One old Japanese man accompanied by three girls probably grandchildren climbed to the peak carrying a pack on his back that he could hardly lift to its position. In our party was one man seventy-two years old and another past sixty. They made the entire trip without complaint and finished as strong as any of us.


Aug 12

Rested at Numazu.

Beach crowded because of the swimming races. Took some pictures and gathered stones in the morning and went in swimming in the afternoon. Water very warm. After supper went to the village and saw fireworks in the river. Boats prettily decorated and great crowds in gay colors.


Aug 13

Arrived at Shizuoka at about 1:30 p.m. Was met at station by about a dozen representatives including General Yoshiye of the Japanese Army a veteran of the Russo-Japanese War, Capt. Ishii of the Japanese Navy and ______.

We were driven in two autos to the Daitokwan Hotel where tea was served and wet towels provided. We then drive to the ______ Shrine and later to the ______ Temple. Here everything was open to us. The vast treasures were all hung on display and the old priest over 76 years old although not well came out and greeted me. We visited the tomb of ______ and following the custom of Japan poured water over the flowers in stone vases and into a basin forming part of the tomb so the soul of the departed would not thirst for a drink.

In the evening there was a dinner given in my honor at the hotel and this was presided over by General Yoshiyi who sat directly opposite me. On his right was Capt. Ishii and on his left was ______. Mr. Okamoto was at my right and Mrs. Okamoto at my left. There were twenty-six or twenty-seven at the dinner. Gen. Yoshiye made the address of welcome in Japanese and was loudly applauded and Mr. Okamoto then translated the address for me. Gen'l Yoshiye then made another short address and presented me with a gift representing the art of Japan and to which sixty or more had contributed funds for the purchase.
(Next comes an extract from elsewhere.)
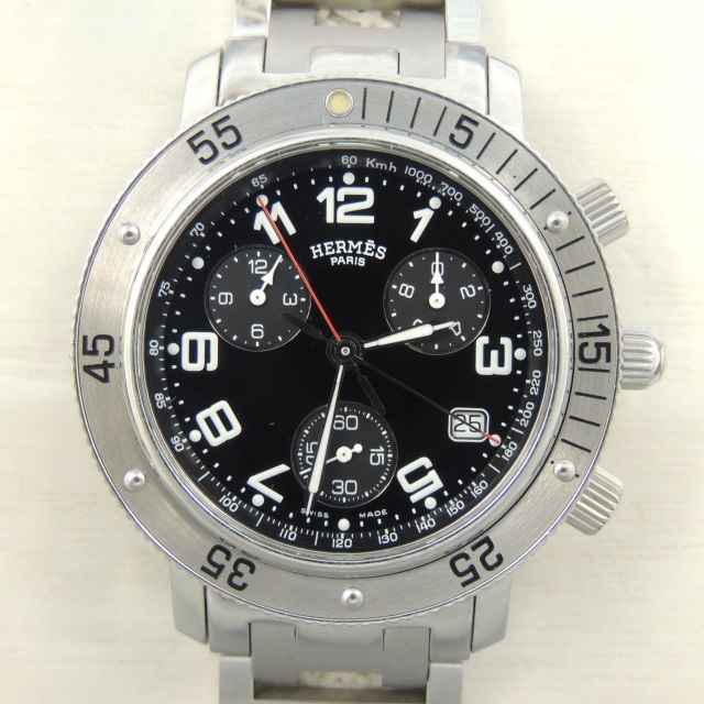 エルメス クリッパーダイバー クロノ CL2.910 黒 QZ SS 箱 保 コマ1

Met Mrs. + Dr. Morris Booth Miller of the University of Penn., who lives in Philadelphia and is a good friend of Judge Buffington and Mrs. Hartsforn and several other friends of Y.O. Introduced them to Mr. Seiko on the train.


Aug 14

Arrived at Gifu at about 5:00 p.m. and went direct to hotel. ______ Company had chartered the largest of about fifty boats and we got aboard at about 6:30. Twenty-seven men and three geisha girls to entertain and some supper. About eight in the kitchen to prepare it. Boat itself about 80' x 12' propelled by poles and drawn by three coolies from shore by ropes. Night was perfect with just a new moon shining. We floated up stream about two miles and anchored there, waited for the fishermen to come down. While we were waiting we ate a Japanese supper and shot off fireworks. There were perhaps two hundred boats of all kinds on the stream, each gaily decorated with lanterns. After supper the geishas sang and played the samisen.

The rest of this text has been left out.